No patients decided to discontinue the study because of hyperkalemia and kidney dysfunction. However, serum potassium levels were significantly higher in Group S (P = 0.0003 after 4 weeks and P = 0.0423 after 8 weeks). The potassium levels at baseline, after 4 weeks and 8 weeks were 4.30 ± 0.31, 4.57 ± 0.26 and 4.51 ± 0.34 mEq/L in Group S and 4.42 ± 0.27, 4.29 ± 0.24 and 4.27 ± 0.42 mEq/L in Group C, respectively.

Discussion

In our multicenter, prospective, randomized, open-label parallel-group comparison study, we found that the addition of spironolactone to conventional antihypertensive treatment including RAS blockers resulted in a reduction in albuminuria in Japanese patients with type 2 diabetes and nephropathy. The spironolactone treatment demonstrated a reduced trend in blood pressure and a slight, but significant decrease in eGFR. However, the reduction in albuminuria was independent of the changes in either blood pressure or eGFR and was not associated with serum aldosterone levels at baseline. Although several studies have shown that spironolactone treatment decreases albuminuria in patients with diabetic nephropathy and non-diabetic nephropathy, our study is of note in showing the anti-albuminuric effects independent of reduction in blood pressure with additional spironolactone use. Furthermore, this study also demonstrated that spironolactone significantly decreased the urinary tubulointerstitial injury markers NAG and β2MG. Although some reports have shown the amelioration and protection of interstitial injury by spironolactone in animal models, there have been few reports on humans.

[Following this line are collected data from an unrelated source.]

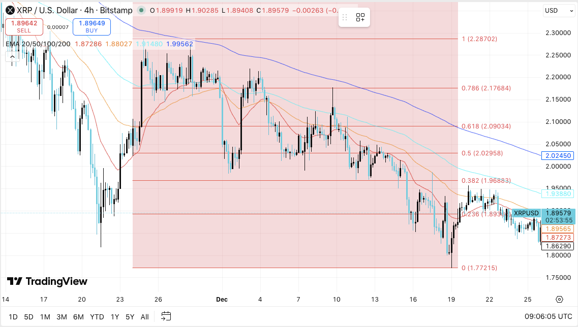 Nonetheless, failure to maintain $1.87 might negate the pullback and expose decrease ranges. For now, XRP stays at an necessary inflection level.
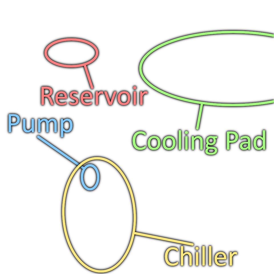 - Place the chiller, cooling pad (plastic face upward), reservoir (oriented horizontally), and pump in your planned locations. The reservoir in particular must be at the loop's highest point, as its role is to collect trapped air while the coolant cycles.
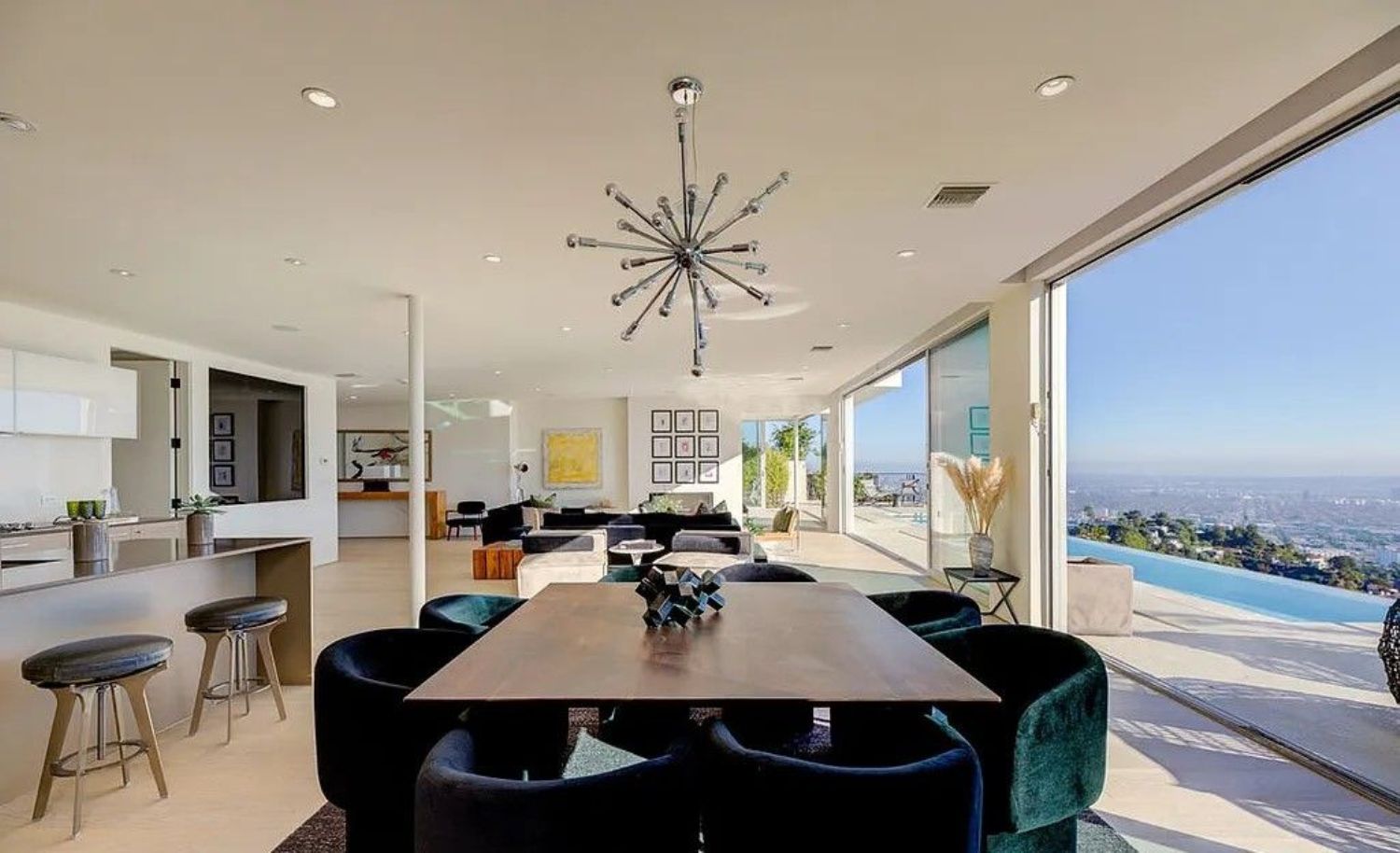 Welcome to "SORAYA," an architecturally marvelous single-level home exceptionally renovated with possibly the most beautiful views in Marbella. As you pass by a water fountain, you are greeted by stunning city, mountain, and ocean views, all within the frame of Fleetwood floor-to-ceiling glass doors. Embrace the minimalism and open floor plan offered by this home with features like a chef's kitchen with Miele, Sub Zero, and Wolf appliances, fireplace, surround sound, and a jaw-dropping infinity pool, all with breathtaking views. Stroll to your master suite with spa-like bathroom, radiant floors, double vanity, walk-in closet, and Fleetwood sliding doors leading you to the pool and spa in just a few steps. Truly an architectural masterpiece and the epitome of living in Marbella.
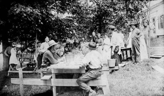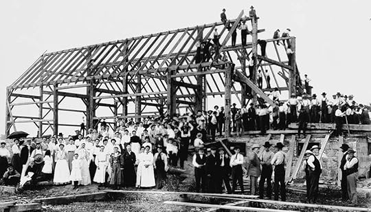 One of the best scenes shows the community coming together for a barn raising. From miles away sturdy young men, their straw hats flapping in the breeze, stride to the barn’s intended site. In the corner of the yard, women folk fuss over the heavily laden wooden tables. The tables groan with delicious homemade bread, cake, ham and side dishes − more than plenty to fill up the hardworking friends who showed up. The scene paints a magnificent ode to neighborliness. From the ground the men pull together like a finely oiled machine, each lifting, pulling and sawing as the structure takes form in front of us. Raise a bar in a day? Impossible, we English might say. But as the sun goes down, the lucky farmer views the completed structure, ready to house his livestock.
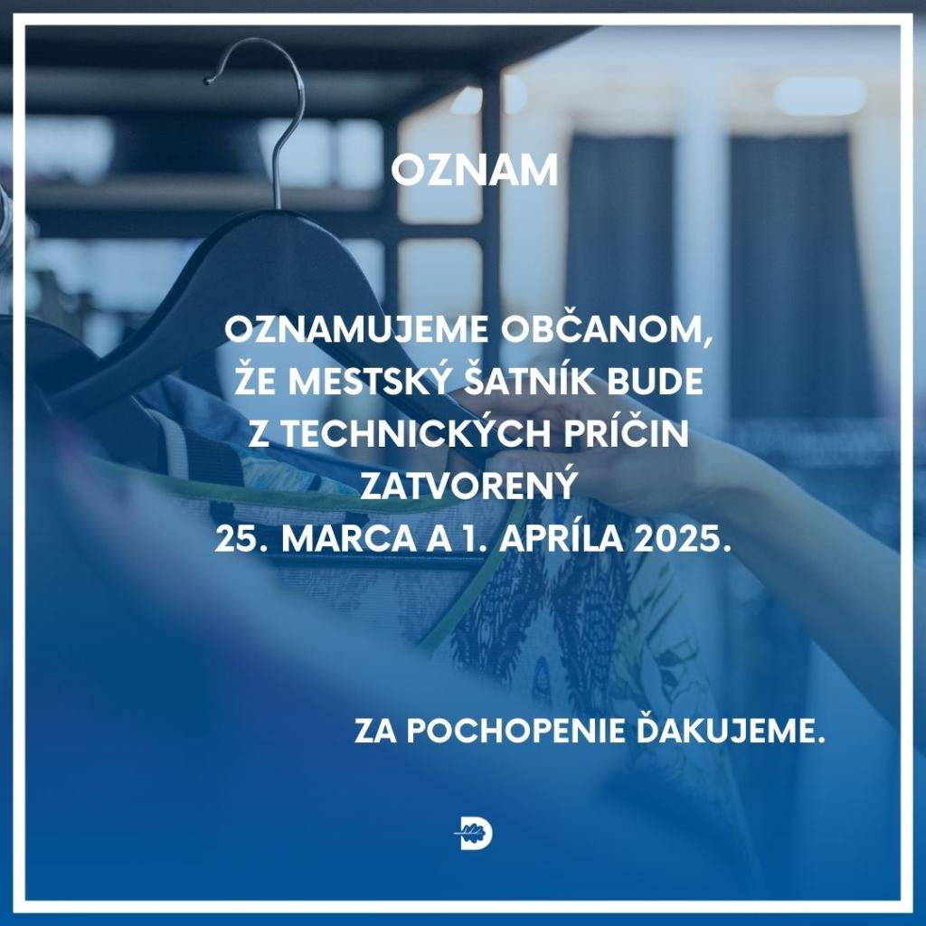 Oznamujeme občanom, že mestský šatník bude z technických príčin zatvorený 25. marca a 1. apríla 2025.
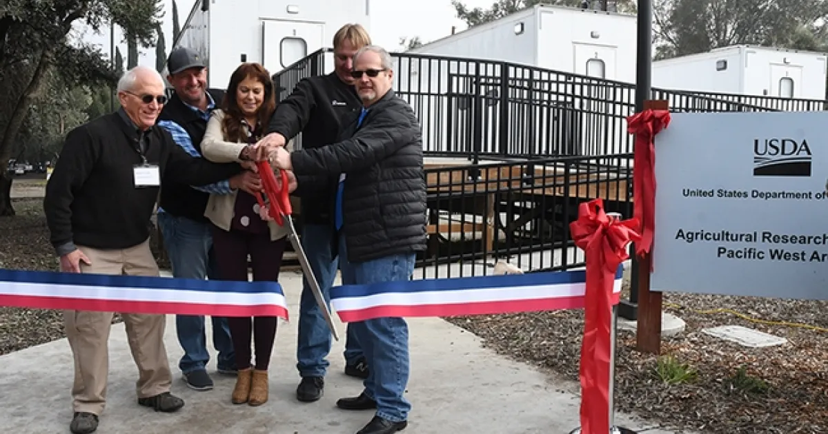 Queen bee breeder Jackie Park-Burris, a past president of the California State Beekeepers' Association and a leader in the industry, snipped the ribbon Jan. 7 in 45-degree temperature, joining a group of other stakeholders to open the U.S. Department of Agriculture's Agricultural Research Service (USDA-ARS) bee research facility.
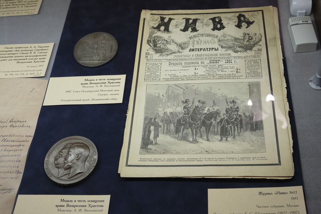 Выставка "Что было кровь, то стало храм...", приуроченная к 145-летию со дня гибели императора Александра II, открылась 14 апреля в часовне-музее храма Воскресения Христова (Спаса-на-Крови). Экспозиция рассказывает о покушении 1 марта 1881 года и возведении храма-памятника на месте трагедии. Она подготовлена при участии Музея истории религии, Музея городской скульптуры, Российского государственного исторического архива (РГИА) и частных коллекционеров.
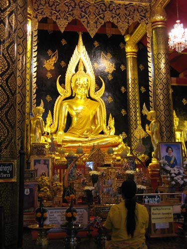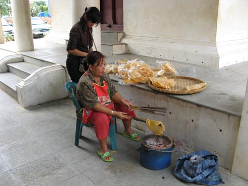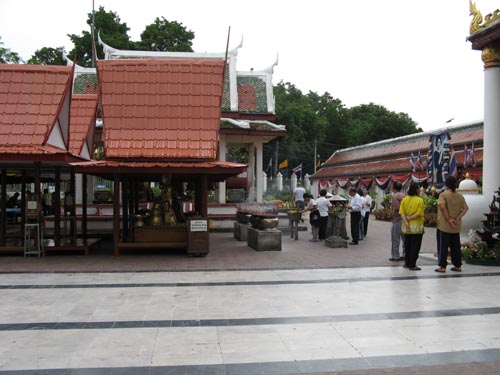Weer een dag waar we vroeg op moeten. Piep-Piep klonk het om 05.15 uur. Na ons te hebben opgefrist en aangekleed, gaan we vroeg naar de ontbijtzaal. De koffers zetten we alvast aan de deur, want die worden opgehaald terwijl wij aan het ontbijten zijn. Om 07.00 uur is iedereen klaar voor vertrek en gaan we op weg naar onze eerste stop. Dit is na zo'n 20 minuten bij een tempelcomplex. We nemen in de tempel een kijkje waarna we even over het marktje lopen. Om 8.00 uur als we willen vertrekken klink ineens het Thaise volkslied. Iedereen blijft staan waar hij stond en uit respect wachten wij ook even.
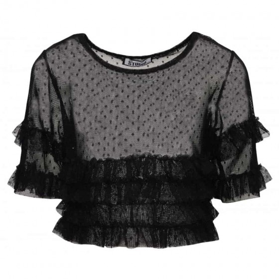 Детска блуза боди в черно с дантела.
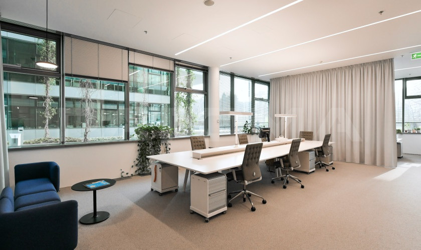 Kancelářská jednotka se skládá ze dvou celku (591 m² a 951 m²), které lze pronajmou i samostatně.
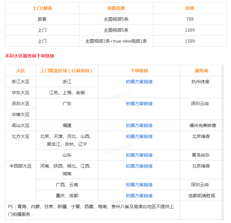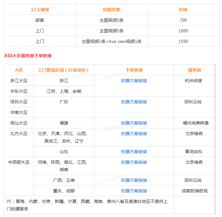 如果店鋪無(wú)優(yōu)質(zhì)視頻:建議購(gòu)買三方拍攝,外貿(mào)服務(wù)市場(chǎng)針對(duì)本次活動(dòng)給出專屬拍攝優(yōu)惠,協(xié)助發(fā)布優(yōu)質(zhì)視頻,服務(wù)商拍攝優(yōu)先審核,具體方案如下,各大區(qū)商家可以根據(jù)指定服務(wù)商進(jìn)行下單

Some previous studies have demonstrated that spironolactone treatment induced a slight deterioration in renal function [23], and we also found a similar decrease in eGFR in this study. Morales et al. demonstrated that long-term use of spironolactone should lead to recovered eGFR levels with a sustained reduction in proteinuria, although spironolactone induced an initial acute decrease in eGFR [24]. Recently, Esteghamati et al. [25] demonstrated that spironolactone use for 18 months decreased uACR superior to continuous ACEi and ARB use with a slight decrease in eGFR, but the decline rate did not differ between the two groups. van den Meiracker et al. [26] reported that the anti-albuminuric effect of spironolactone was correlated to the decrease in eGFR. In our present study, the anti-albuminuric effect was verified independent of blood pressure lowering and eGFR decline, evaluated from the adjusted calculation in the linear mixed model. Although reduction of glomerular pressure per se could still affect the changes in albuminuria because the changes in glomerular pressure might not necessarily parallel those of GFR, reductions in albuminuria was at least independent of systemic hemodynamic effects of spironolactone. Although our study was performed in a relatively short period, these results suggest that spironolactone would be a promising add-on therapy for diabetic nephropathy when the first choice RAS-blocking treatment has shown some inefficacy or “resistance”.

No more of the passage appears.